(Assignment): Output each line of the data below exactly, omitting any image.

(The data):
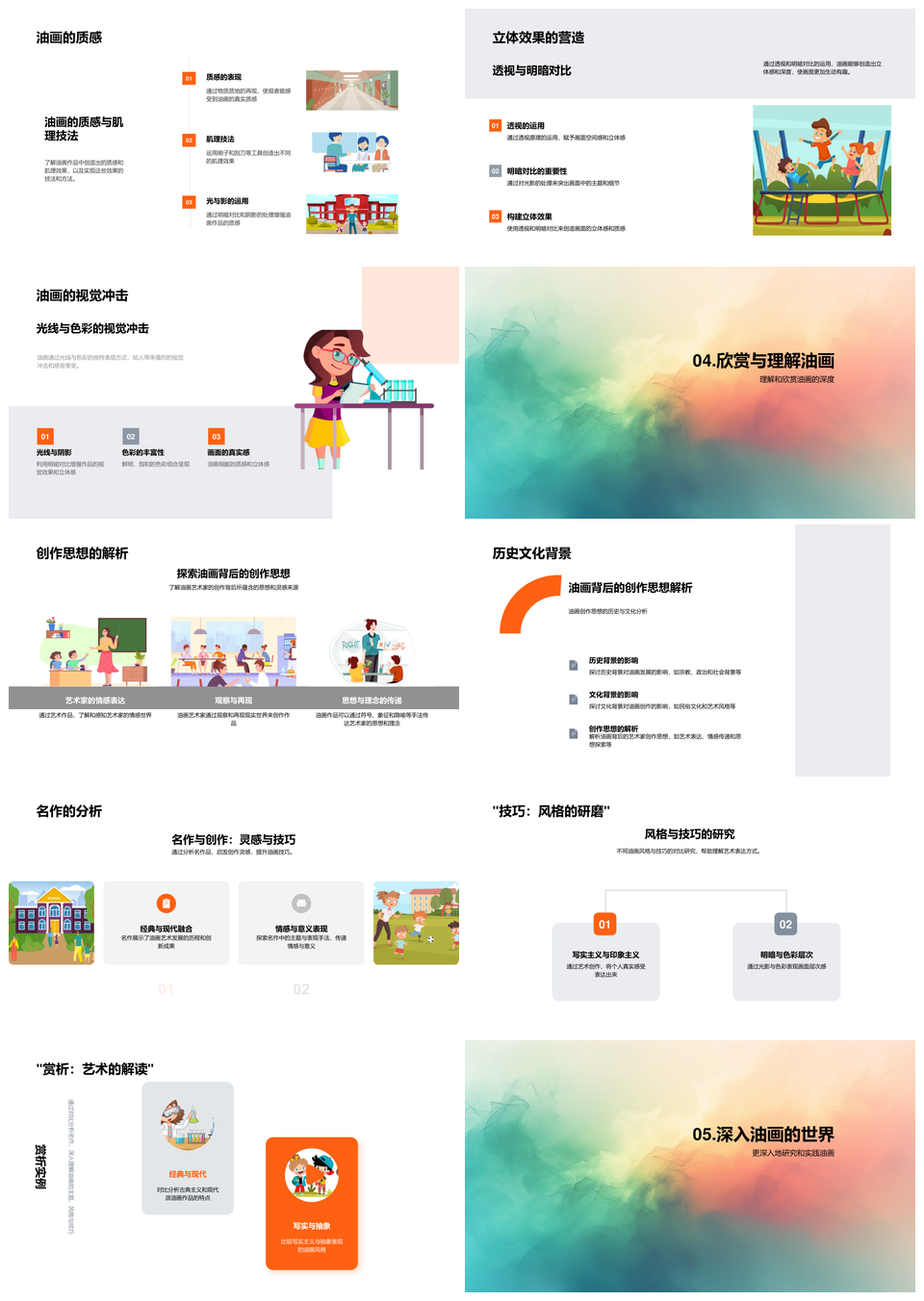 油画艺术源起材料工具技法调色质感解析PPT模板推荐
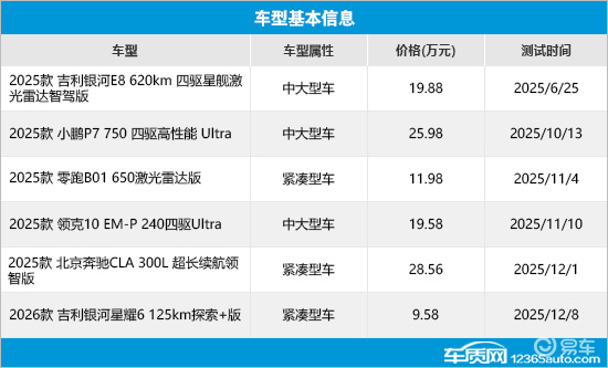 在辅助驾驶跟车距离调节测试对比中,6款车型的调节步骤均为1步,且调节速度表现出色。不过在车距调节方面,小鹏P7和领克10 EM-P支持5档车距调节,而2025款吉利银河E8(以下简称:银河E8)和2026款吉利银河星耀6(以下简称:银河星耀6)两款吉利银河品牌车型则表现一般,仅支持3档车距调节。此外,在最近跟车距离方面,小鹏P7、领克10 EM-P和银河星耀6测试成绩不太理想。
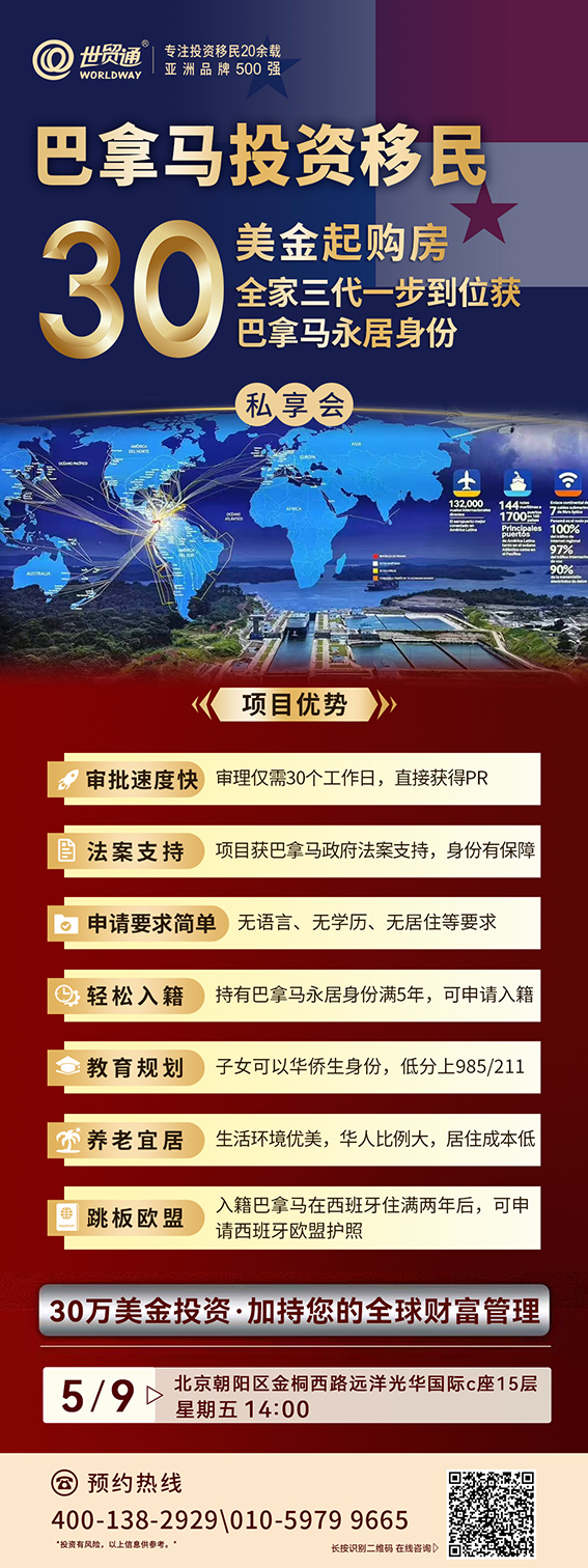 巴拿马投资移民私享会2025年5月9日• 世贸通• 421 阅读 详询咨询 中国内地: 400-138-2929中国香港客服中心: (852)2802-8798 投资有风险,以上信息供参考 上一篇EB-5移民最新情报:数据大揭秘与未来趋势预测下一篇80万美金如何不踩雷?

(Expected answer):
 油画艺术源起材料工具技法调色质感解析PPT模板推荐
 在辅助驾驶跟车距离调节测试对比中,6款车型的调节步骤均为1步,且调节速度表现出色。不过在车距调节方面,小鹏P7和领克10 EM-P支持5档车距调节,而2025款吉利银河E8(以下简称:银河E8)和2026款吉利银河星耀6(以下简称:银河星耀6)两款吉利银河品牌车型则表现一般,仅支持3档车距调节。此外,在最近跟车距离方面,小鹏P7、领克10 EM-P和银河星耀6测试成绩不太理想。
 巴拿马投资移民私享会2025年5月9日• 世贸通• 421 阅读 详询咨询 中国内地: 400-138-2929中国香港客服中心: (852)2802-8798 投资有风险,以上信息供参考 上一篇EB-5移民最新情报:数据大揭秘与未来趋势预测下一篇80万美金如何不踩雷?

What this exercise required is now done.